Alumni clubs promote science and engineering education in their communities.

Apr 25, 2018
The MIT Club of Wisconsin holds a monthly STEM event.
Courtesy OF MIT Club of Wisconsin

In 2008, the MIT Club of Germany helped send two secondary school teachers to MIT’s Science and Engineering Program for Teachers (SEPT). During the weeklong summer program on MIT’s campus, middle and high school teachers attend lectures by MIT researchers, try out the latest technology developed at the Institute, and talk shop with professors, students, researchers, and fellow teachers.

“They came back so excited and eager to do something for STEM teachers in Germany,” says club treasurer Stefan Weissflog, SM ’92. “So we decided to do something similar and make our Germany club a bridge between schools and science.”

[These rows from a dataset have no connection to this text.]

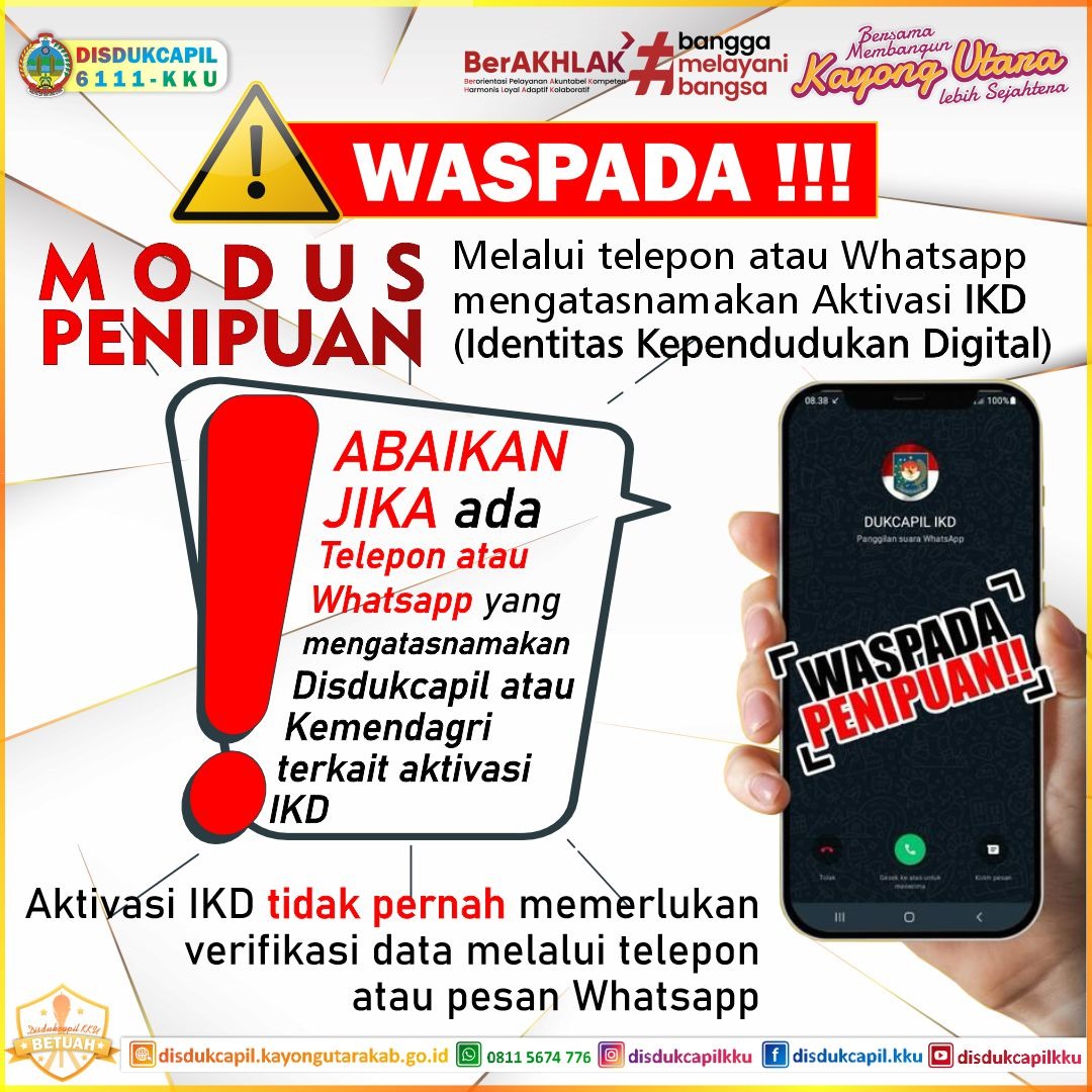 Waspada ! Modus Penipuan, Aktivasi IKD tidak pernah memerlukan verifikasi data melalui telepon ataupun pesan WhatsApp
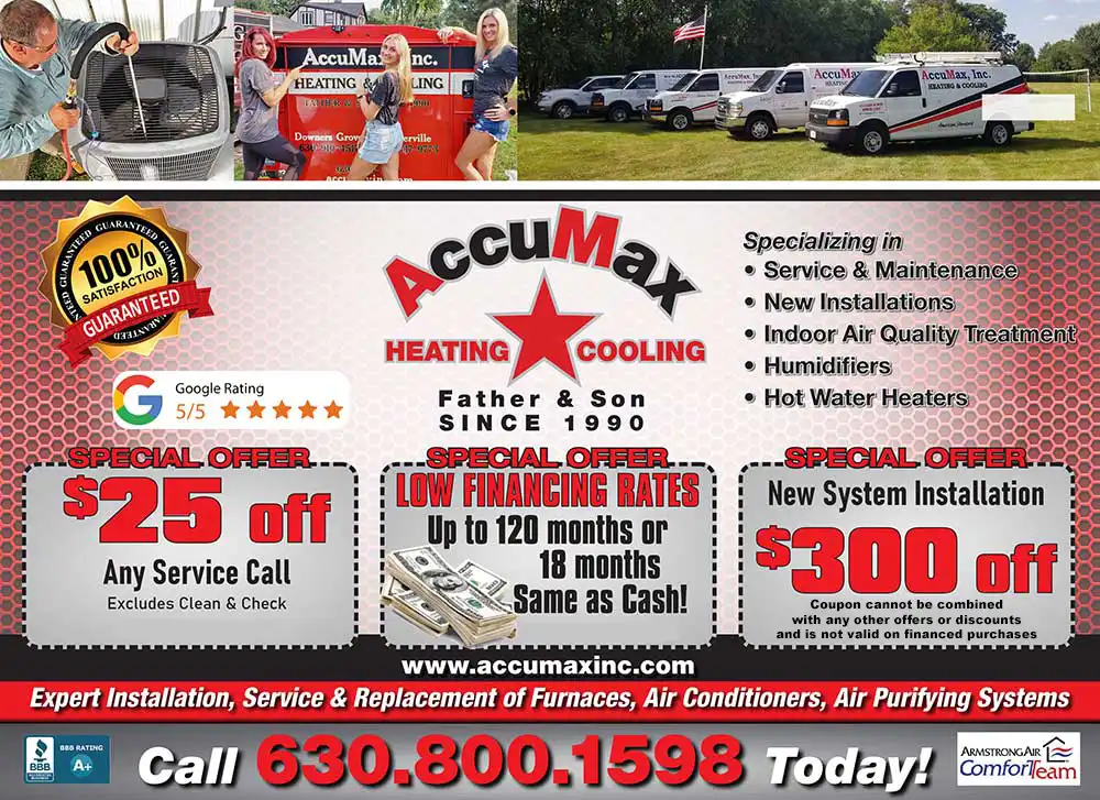Contact AccuMax for your furnace and heating, air conditioning, and water heater installation, maintenance, and repair in the western Chicago suburbs
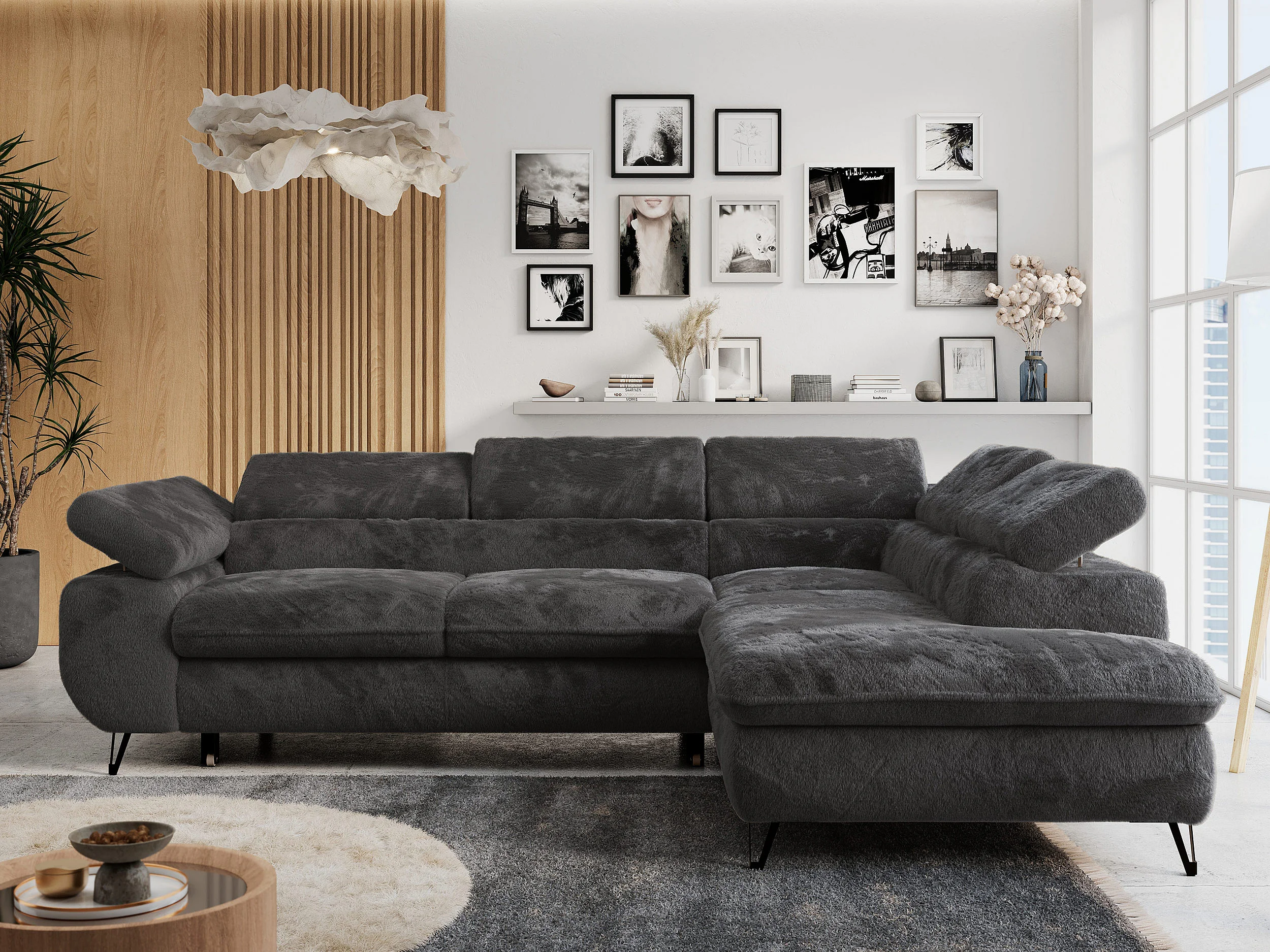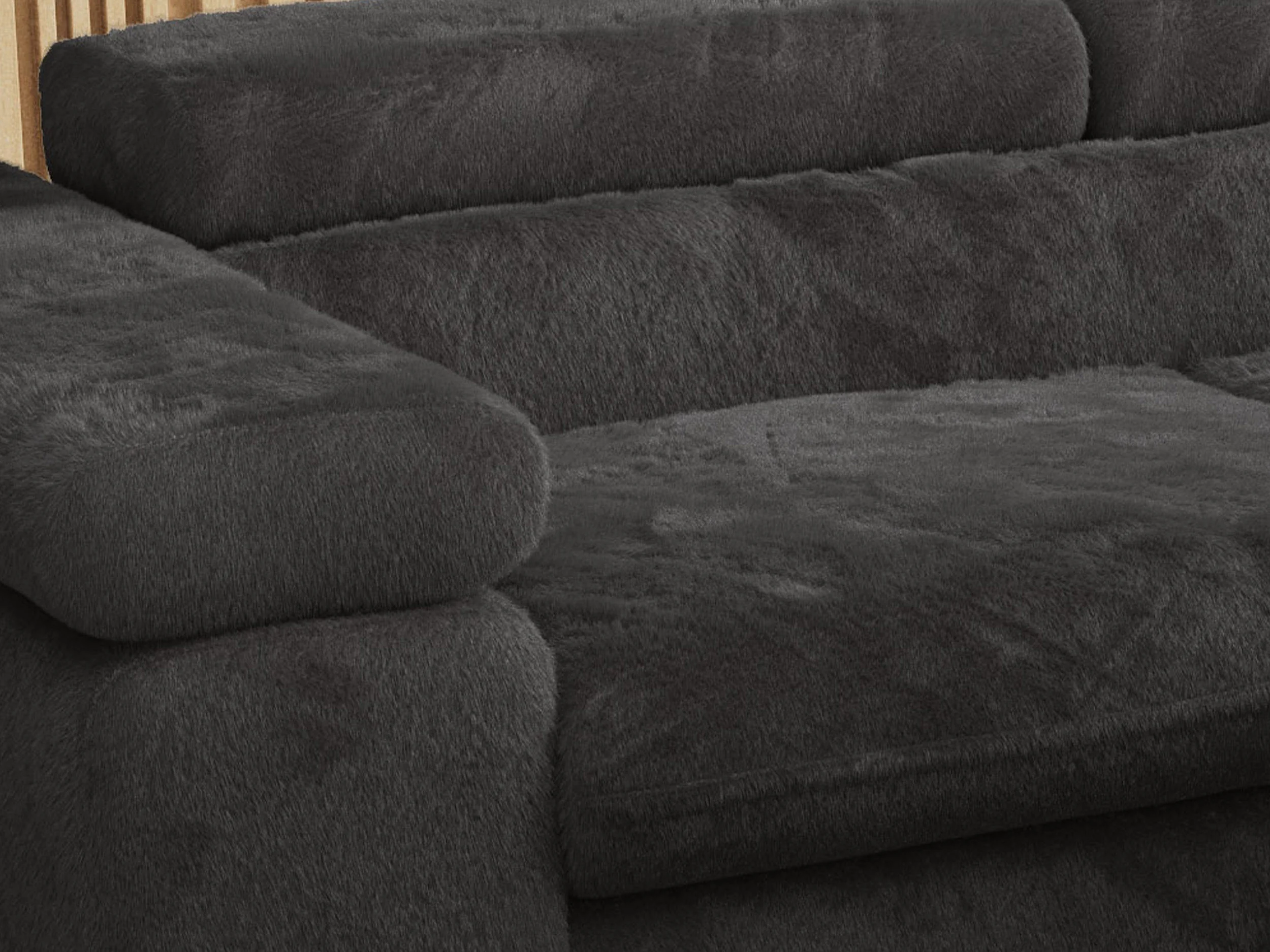 Ecksofa PETER verstellbare Kopfstütze, schlaffunktion - Anthrazit Plüsch - Ecke Rechts

Channeling the teachers’ enthusiasm, the club launched an annual weeklong conference in Erfurt called the Schule MIT Wissenschaft, or School with Science. (The name is a pun: “mit” means “with” in German.) Modeled on SEPT, the conference adopts the MIT mind-set of solving real-world problems and allows alumni to engage directly with Germany’s K–12 community. In the decade since its founding, it has attracted hundreds of secondary school teachers, and its featured speakers have included MIT faculty and Nobel laureates.

“In Germany, science is taught only discipline by discipline,” says Weissflog. “Our Schule is interdisciplinary. We have MIT scientists talking directly to teachers, who then carry over that MIT spirit of excitement to their students.”

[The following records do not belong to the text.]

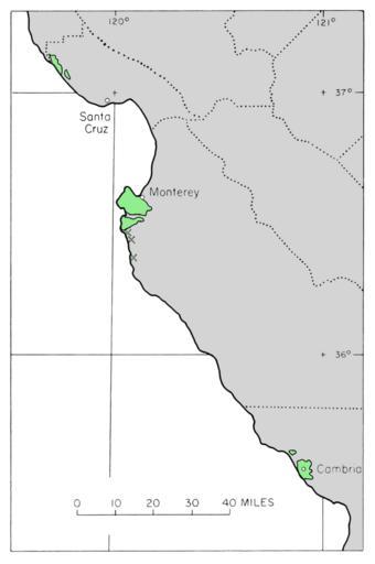 | Keywords: Pinus radiata radiata range map.png en Natural distribution map for Pinus radiata var radiata 1966 http //www biodiversitylibrary org/bibliography/66393 /summary Geographic distribution of the pines of the world Miscellaneous publication no 991 U S Department of Agriculture Forest Service Washington D C February 1966 William B Critchfield Elbert L Little Jr U S Department of Agriculture Forest Service PD-USGov Pinus radiata range maps Uploaded with UploadWizard | ||||
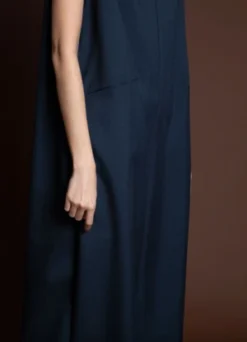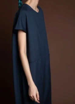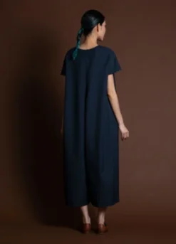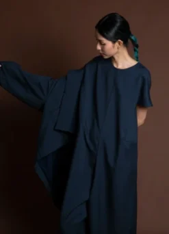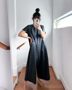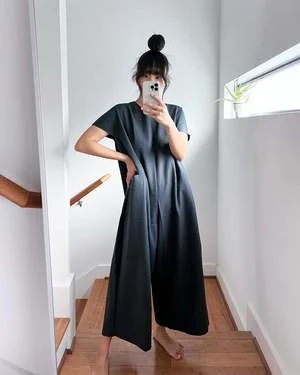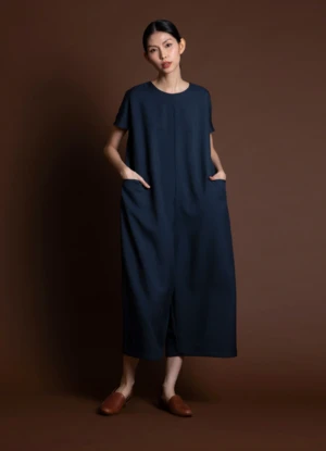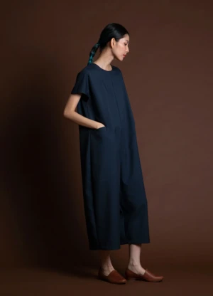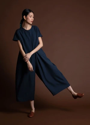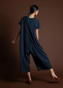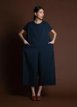 Short sleeve cropped jumpsuit with dolman sleeves. Inner pleatstay construction detailing at the shoulder creates an effortless smooth and flat drape. Center back seam zipper enclosure. Two generous side pockets. Voluminous body that drapes from the shoulder down.
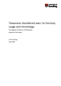 Chiang, L.-C. (2020) Taiwanese shouldered axes: its function, usage and chronology. PhD thesis, University of Reading. doi: 10.48683/1926.00108773
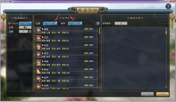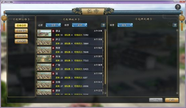 【移动】就是武将调动,一般都是将后方的优秀武将往前方战场城市调动,选择一座城池后,通过第二图的筛选,将某个城池的某个武将移动到想去的那个城池。注意【太守】是不能进行移动的,如需要,先要到【任命】里更换太守。前期武将数量不多时,把优秀武将平均分配到每个城,任命成太守,提高分城的政务效率。
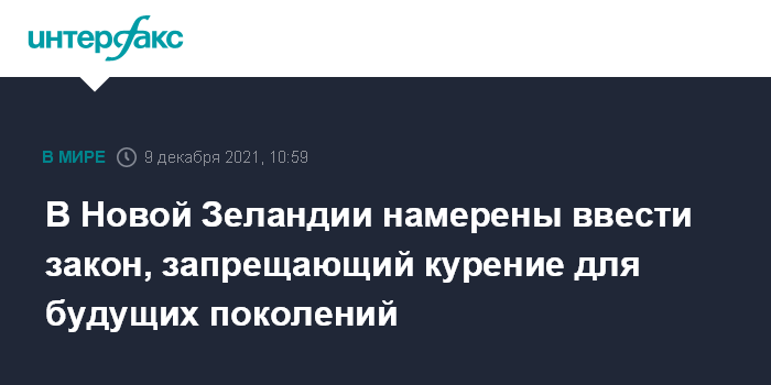 Москва. 9 декабря. INTERFAX.RU - Власти Новой Зеландии объявили в четверг о планах запретить курение, сделав незаконной продажу и поставку табачной продукции для последующих поколений, сообщает портал Axios.

Schule MIT Wissenschaft may be the Association’s largest club-organized volunteer event focused on science, technology, engineering, and mathematics (STEM). But it is one of many around the world that harness both the Institute’s STEM expertise and the commitment of MIT alumni to public service.

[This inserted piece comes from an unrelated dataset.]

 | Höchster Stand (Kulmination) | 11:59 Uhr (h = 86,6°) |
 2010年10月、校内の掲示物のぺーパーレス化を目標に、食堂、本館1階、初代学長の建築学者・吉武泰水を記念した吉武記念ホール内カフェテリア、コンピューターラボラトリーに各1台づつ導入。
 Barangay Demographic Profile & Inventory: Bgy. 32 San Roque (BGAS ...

“There’s a strong humanities aspect of STEM,” says Marcelo Montaniel, SM ’74, the vice president of K–12 initiatives for the Club of Dallas and Fort Worth. “We’re helping people learn about technologies that improve the lives of people and [lead to] the betterment of the world.”

COURTESY OF Club of Dallas and Fort Worth (stem)

Nearly every active MIT alumni club performs STEM-related service work, including the Dallas and Fort Worth club, which solicits MIT alumni judges for an annual science fair that attracts more than 200 middle and high school students.

“Promoting STEM is in our blood,” says Club of Wisconsin president Christie Lin ’11, SM ’12. “Especially if the events are hands-on and kind of nerdy.” The Wisconsin club organizes at least one STEM-focused event per month, and it created a new club position, director of volunteering and outreach, in 2014. The club had a strong presence at the 2017 Experimental Aircraft Association’s AirVenture convention in Oshkosh, the largest annual aviation event in the world, which attracts more than 500,000 attendees.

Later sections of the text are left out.